Should people stop trying? No! Compromises could be made. Time will tell. Yada yada yada.
One person who believed that treasuring the history of the area was vital was Annetta Pedretti. Annetta was a Swiss woman who was an architect, cybernetician, conservationist, builder, beekeeper, and campaigner and bought a house on 25 Princelet St. An obsessive polymath, she worked on restoring that house until her death in 2018. During an online talk I learned that she’d collected and made or had made objects to bring the house to its original glory. Her obsessive nature meant that the house was far from finished. Her house was given to charity and is now a social centre, and a base for mounting a resistance against proprietarian society, and campaigning for land reform and housing justice for all. She would approve.
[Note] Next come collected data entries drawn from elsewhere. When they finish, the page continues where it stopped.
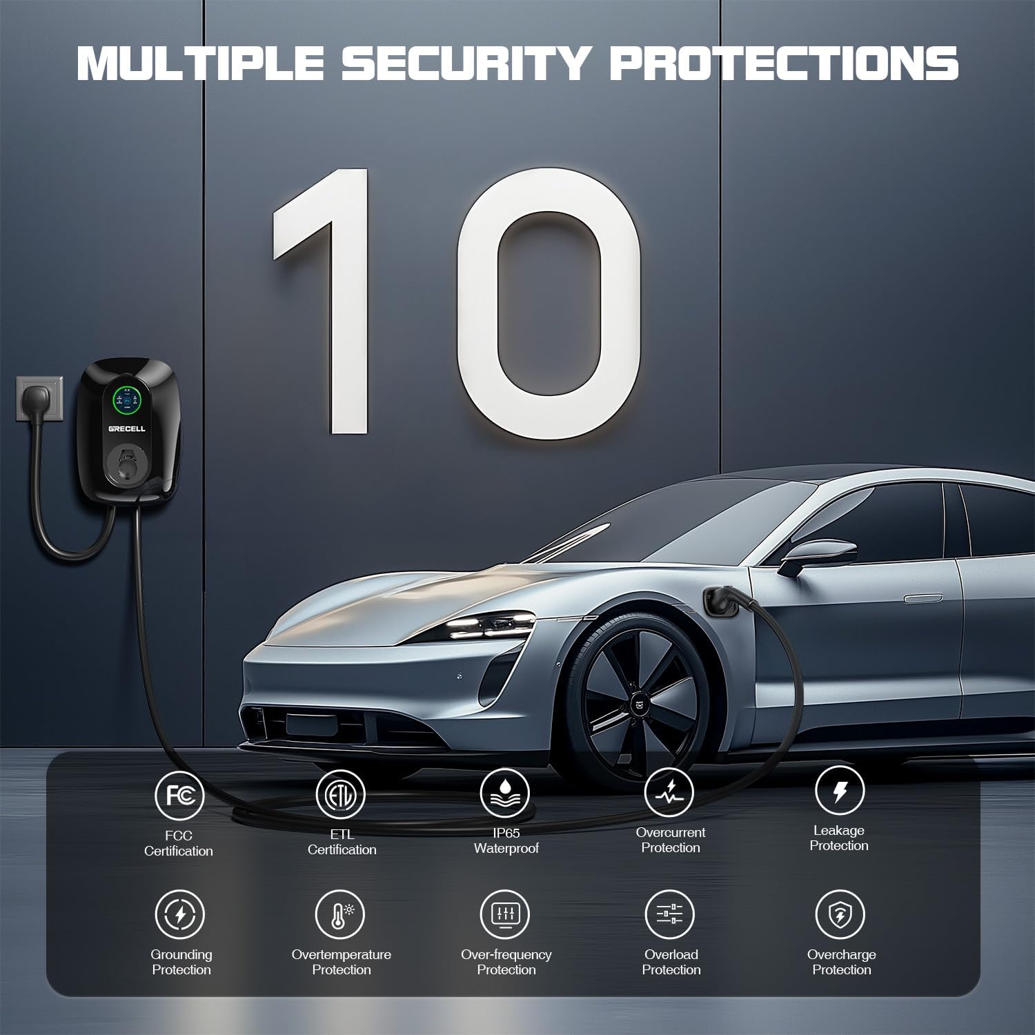 - 【Fast Charging & Adjustable Current】11kW up to 48A charging speeds up to 41 miles/hour. This electric car charger charges 9 times faster than a 110V outlet. You can charge confidently even in the coldest temperatures (-22℉). (plug-and-play charging with a maximum current of 40A, "Smart Life" adjustable to a maximum of 48A)
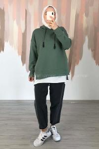 Modalamelif Etek Ucu Garnili Kapüşon Detaylı Yırtmaçlı Anabelle Sweat Çağla Yeşili
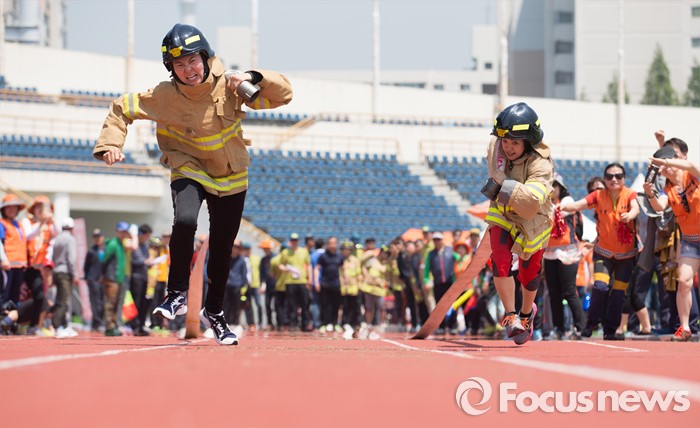 (서울=포커스뉴스) 17일 오전 서울 양천구 목동운동장에서 열린 2016 의용소방대 종합소방기술경연대회에서 참가자들이 소방호스 끌기 경기를 하고 있다.
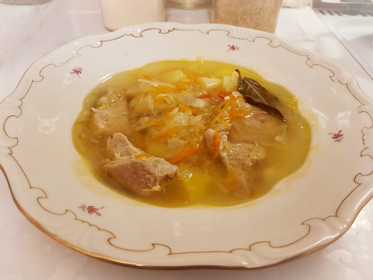 Я очень люблю щи именно с кислой капустой, хочу и с Вами поделиться рецептом, варить будем на свином окороке. В качестве базы взят рецепт ГОСТ, но бульона я брала больше, мы не любим, чтобы ложка стояла, выбираем золотую середину. В моем детстве щи мама варила без томатной пасты, я делаю так же. Поехали!
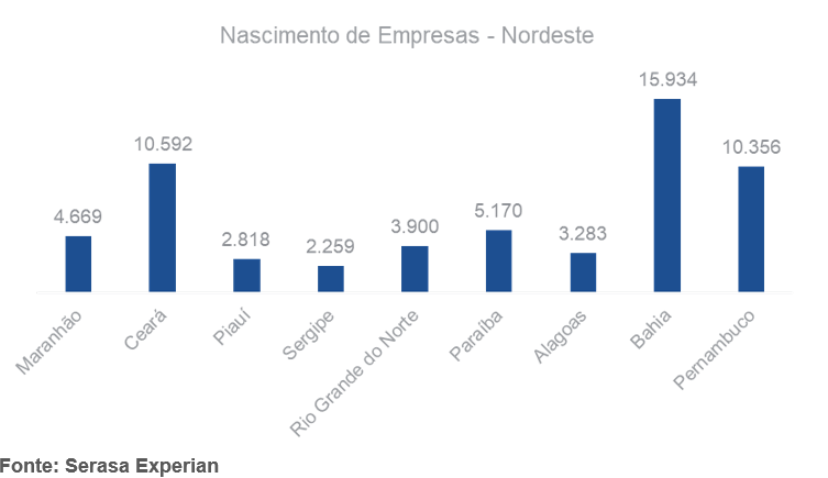 Considerando todos os segmentos, no primeiro mês do ano foram abertos 355.788 empreendimentos e, os de Serviços representaram 72,5% do total. No recorte por regiões, a Bahia foi o estado da Nordeste com o maior número de novas companhias, marcando 15.934 aberturas. O Maranhão aparece em quarto lugar, com 4.669.
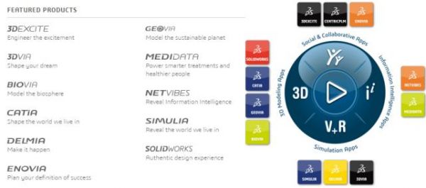 3D建模模块对应CATIA、SolidWorks、GEOVIA(地质建模与仿真软件)、BIOVIA(材料与生命科学研发软件)产品线。社交协作模块应ENOVIA(PLM协作创新软件)、3DEXCITE(3D 可视化软件)、3DSWYM(社交网络软件)产品线。仿真模块对应SIMULIA(工程计算与仿真软件)、DELMIA(工艺规划设计与仿真软件)、3DVIA(3D空间规划软件)产品线。信息智能模块对应 EXLEAD(信息情报和业务分析软件)、NETVIBES(数据智能可视化软件)产品线,如图 1 所示。

Now work is continuing by Assemble, multi-disciplinary collective working across architecture, design and art. The house has been made safe and Annetta’s house is slowly being refinished. I’ve been trying to get there for months and I’ve finally done it.
I love Princelet Street. Along with Wilkes Street it’s my favourite in the area where there’s much to be favourited. This was my second opportunity to go inside one of the houses, which date from the early 18th century. 25 is one of three houses in a row, and the Grade II listed building is described: “Early C18. Stock brick with red brick dressings. Coped parapet and brick bands between storeys. 4 storeys and basement. Nos 21 and 23, 3 windows each, No 25, 5 windows. Gauged flat arches to flush frame windows, some glazing bars missing. No 23 has modern shop front. Doorcases have been removed.”
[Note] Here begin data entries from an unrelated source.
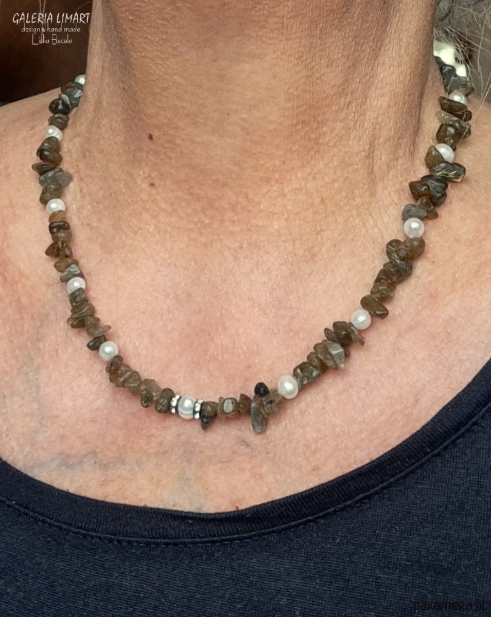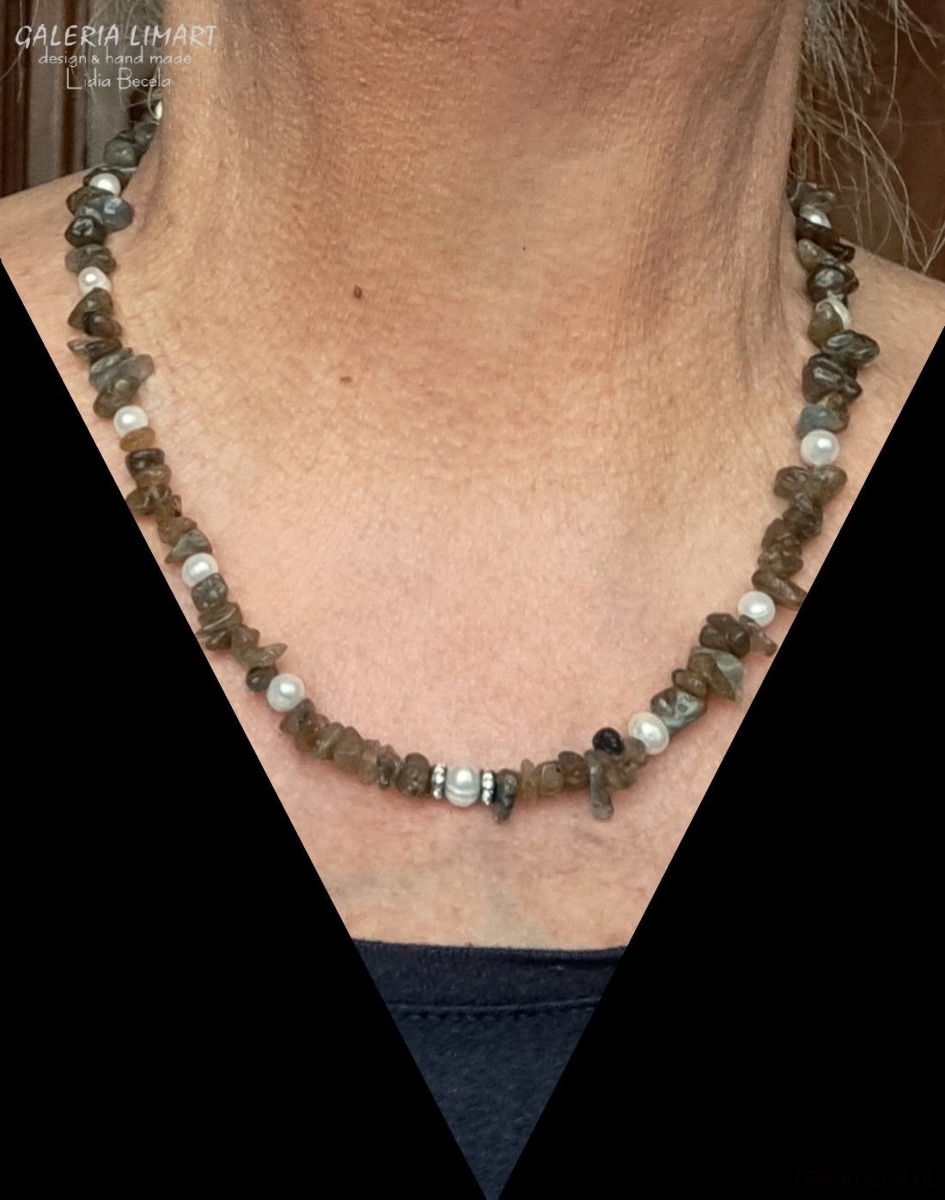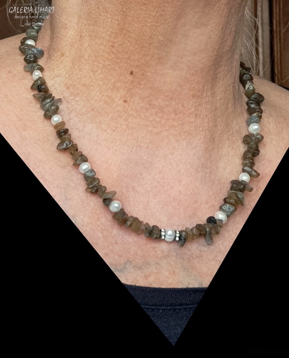 Subtelna, efektowna kompozycja naszyjnika z pięknych drobnych labradorytów przeplecionych prawdziwymi perełkami, co nadaje naszyjnikowi unikatowy i oryginalny charakter, a przekładki z cyrkonii dodają naszyjnikowi urody
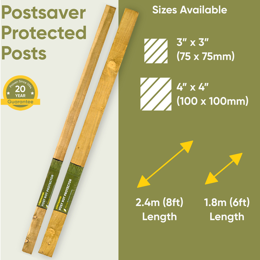 Postsaver rot-protected and UC4-treated posts are the perfect solution to a long-lasting, high-quality fence that won’t cause stress and hassle down the line. Each post is made from high-quality timber and covered by a 20-year post-replacement guarantee, thanks to Postsaver rot protection being pre-applied. Postsaver’s dual-layer rot prevention technology is the proven solution against ground-line post rot. It works by creating an air and watertight seal around the post's surface, which locks out all the factors required for wood decay: fungi, oxygen, and moisture. Deeper in the ground, there is not enough oxygen for the fungi to survive, so there is no need to protect this part of the post. The 20-year post-replacement guarantee includes rot protection applied for a 2ft (30cm) post-burial depth. Posts can be installed in all the usual methods and are fully compatible with fence post concrete, backfill, and power-driving.
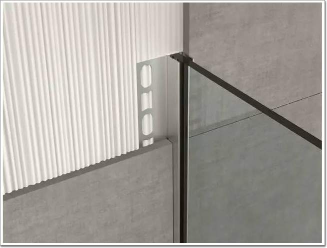 在衛生間墻地磚的鋪貼上,我們通常采取“墻壓地”的做法,因為縫隙小,美觀的同時防水(詞條“防水”由行業大百科提供)效果也好。而收邊條不僅兼備這些優點,也讓空間品質感瞬間得以提升。
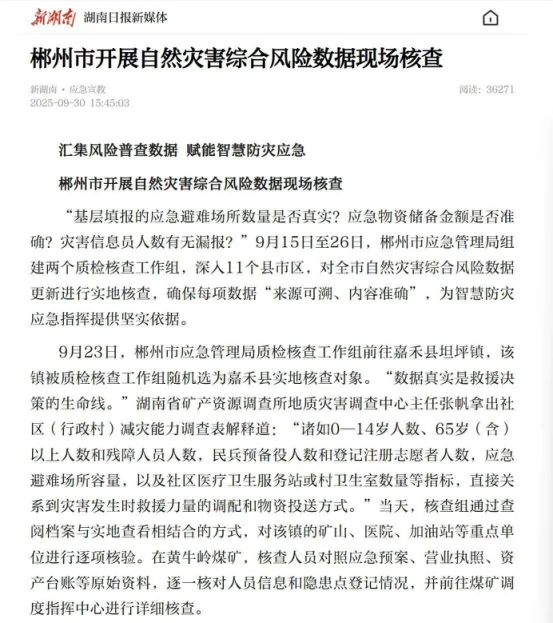2025年9月,郴州市应急管理局组织质检核查工作组分别深入11个县市区,通过测量、问询、查阅资料等方式,对全市乡镇(街道)、社区(行政村)、化工园区、企业、加油加气加氢站、煤矿(非煤矿山)、公共服务设施等七大类重点调查对象共计5935条调查数据,按10%的抽查比例进行实地核查、逐项核验,坚决推行数据核查全覆盖,构建起“县级自检—市级质检—整改复核”的闭环管理体系,为智慧防灾应急指挥提供坚实依据打造了“郴州样板”。
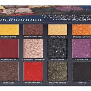 The product in the image is the Black Radiance Midnight Magic eyeshadow palette and two lipsticks in Eldorado and reggae red.
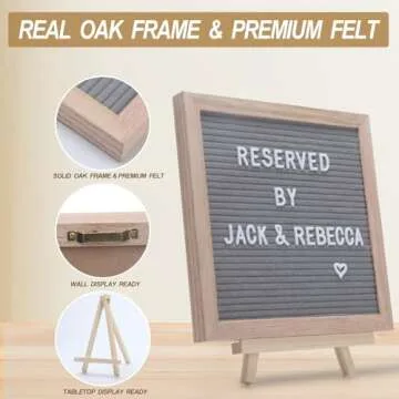 Show more If you're on the lookout for a unique gift that combines creativity with practicality, look no further than our stunning 10 x 10 inch light pink felt letter board. This exquisite product comes beautifully crafted with a solid oak frame, making it the perfect blend of durability and aesthetics. Designed for a multitude of occasions, this customizable word board allows you to express your creativity fluently through changeable letters, numbers, and symbols.

The photos say more than I can, and many have taken better. It’s an unfinished, deep in renovation house – tall and narrow and its shelves and bookcases stacked high with Annetta’s files and pieces of carpentry ready to be used.
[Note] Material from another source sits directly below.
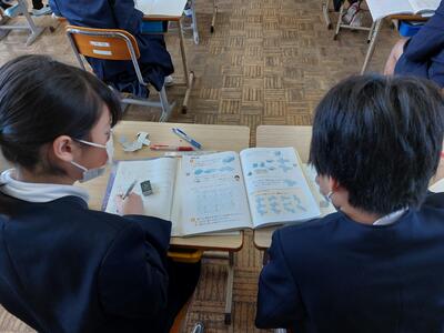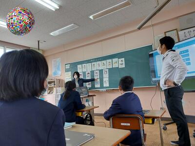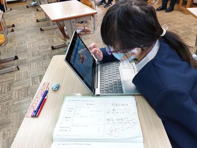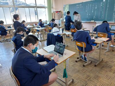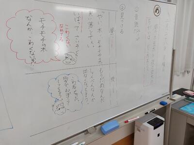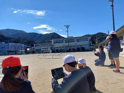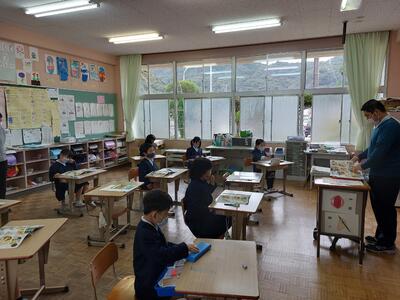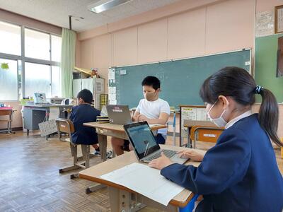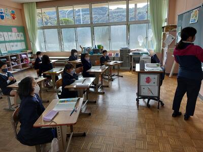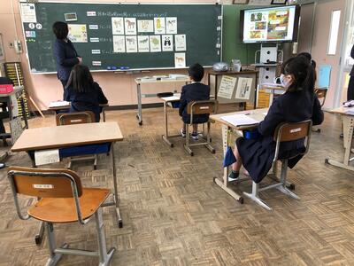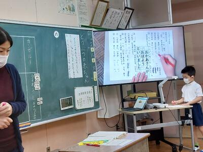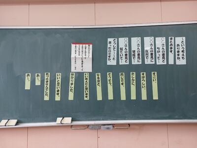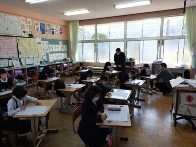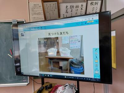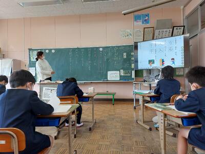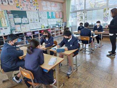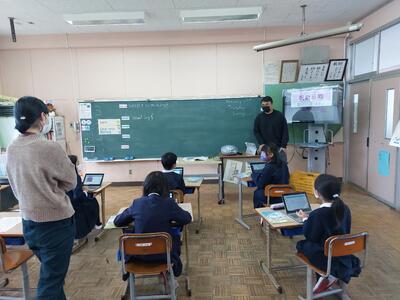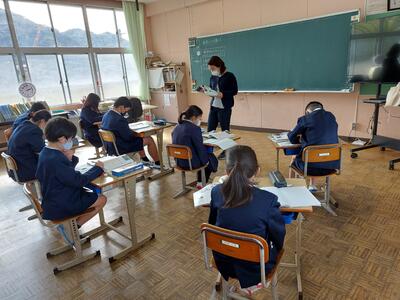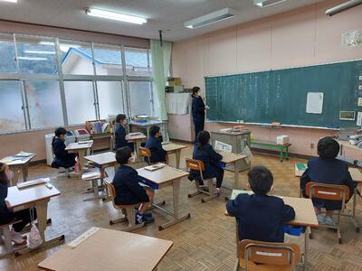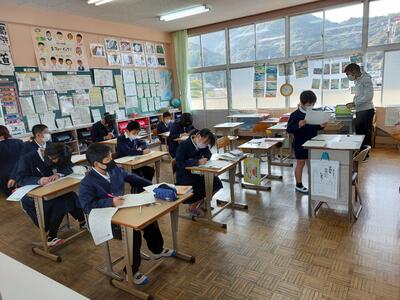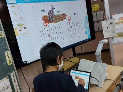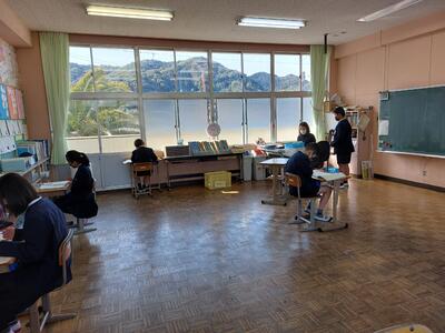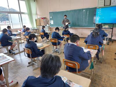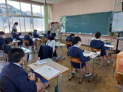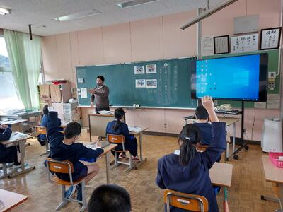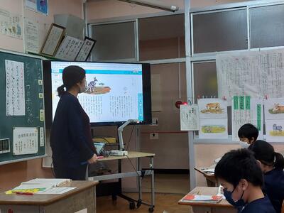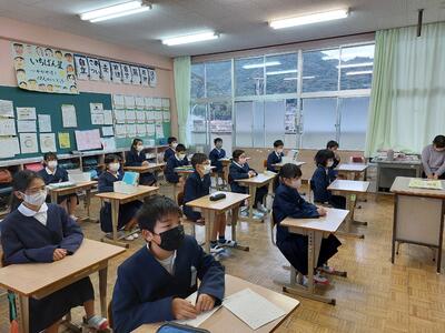 今日は、天草市教育委員会の先生、御所浦中学校の先生、東京からの学生さん(キャラバン隊)が来校されました。2時間目の5年生の国語の授業では、タブレット端末に自分の考えを残しながら、話し合いが行われました。児童は、緊張しながらも話し合いが少しずつ活発になっていく姿が見られました。緊張の中での授業、これも大切な経験です。

In higgledy-piggledy style, here’s the house. I went cautiously upstairs, but didn’t dare try the upper floors. It looked too precarious but Krish took a few photos for me. Neither one of us dared the basement.
v
The best bit of Brick Lane, and there are many best bits, is the street art. It’s changing less frequently these days but I took a lot of photos of the shops, the streets, and the art that day. My long-promised visit to the new Townhouse exhibit went by the wayside again. We were just too tired, overloaded by everything we’d seen that day. I’m pushing myself to do so in its waning days.
I took a lot of photos of street art. For another time.